- **Dataset extract**:
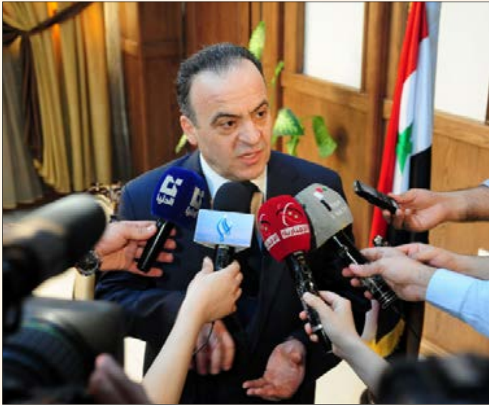
صدر الرئيس بشار الأسد، أمس، مرسوماً يقضي بتكليف المهندس عماد خميس (وزير الكهرباء) بتشكيل الحكومة الجديدة

في إحداهن خرق جديد في دفاعات تنظيم «داعش» في مدينة منبج، باقتحامها لصوامع الحبوب، الواقعة جنوب شرق المدينة، والتي تطل على معظمها، بعد أكثر من عشرة أيام على حصارها، ما سيجلب لها إشراقاً على أجزاء واسعة من المدينة، ويمكنها من تحقيق مزيد من التقدم باتجاه عمق أحيائها، التي تشهد وجوداً لقرابة مئة ألف مدني فيها، إضافة إلى السيطرة على قرية قناة الشيخ طباش على طريق منبج - حلب.
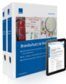
Brandschutz im Betrieb Ladenpreis: 207,90 EUR
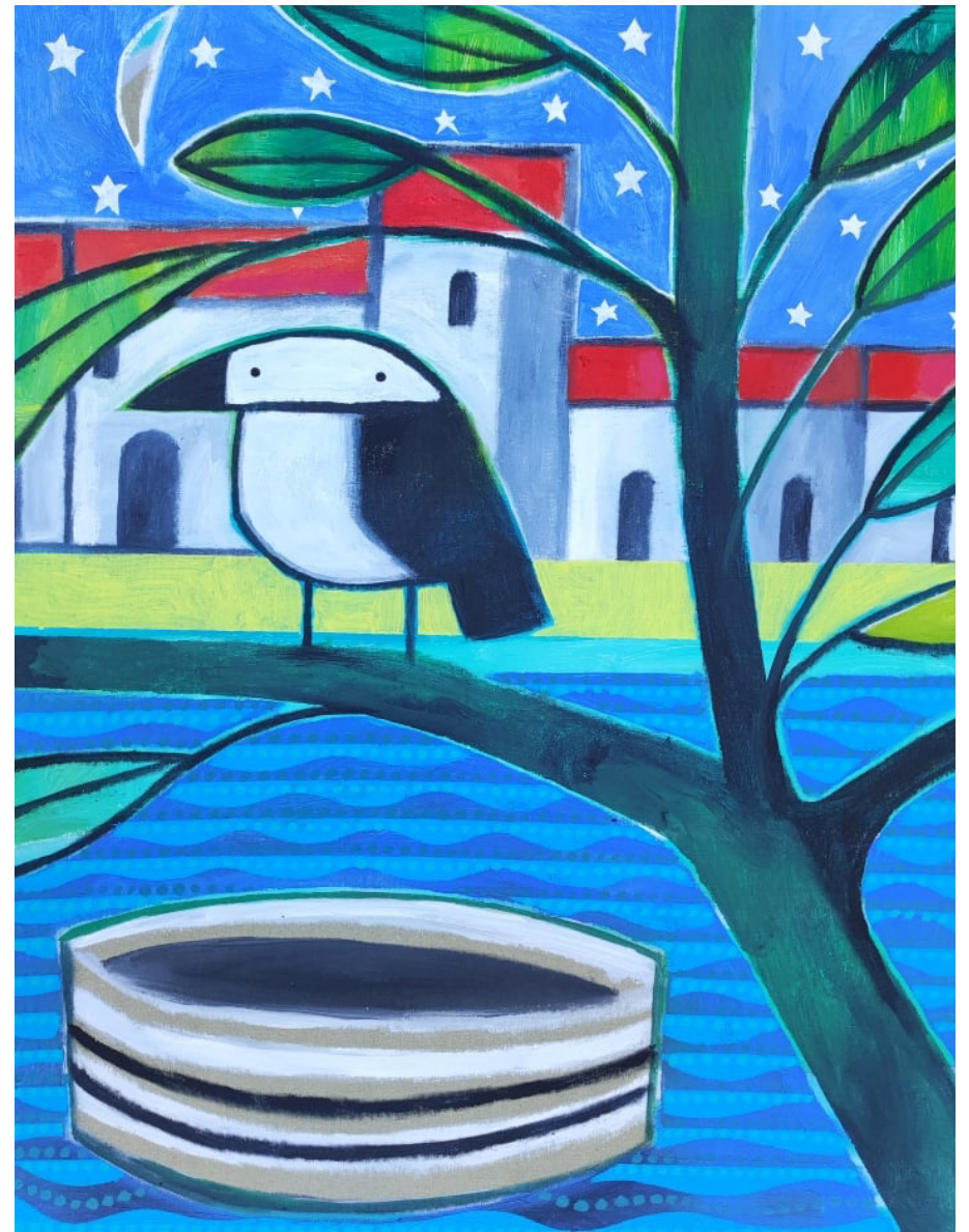
Nocturn (2021) 81x65 Acrílic sobre tela

- **Your task**: Your answer must be the full listing, copied exactly, with no pictures in it.

- **Exercise answer**:
صدر الرئيس بشار الأسد، أمس، مرسوماً يقضي بتكليف المهندس عماد خميس (وزير الكهرباء) بتشكيل الحكومة الجديدة

في إحداهن خرق جديد في دفاعات تنظيم «داعش» في مدينة منبج، باقتحامها لصوامع الحبوب، الواقعة جنوب شرق المدينة، والتي تطل على معظمها، بعد أكثر من عشرة أيام على حصارها، ما سيجلب لها إشراقاً على أجزاء واسعة من المدينة، ويمكنها من تحقيق مزيد من التقدم باتجاه عمق أحيائها، التي تشهد وجوداً لقرابة مئة ألف مدني فيها، إضافة إلى السيطرة على قرية قناة الشيخ طباش على طريق منبج - حلب.
Brandschutz im Betrieb Ladenpreis: 207,90 EUR
Nocturn (2021) 81x65 Acrílic sobre tela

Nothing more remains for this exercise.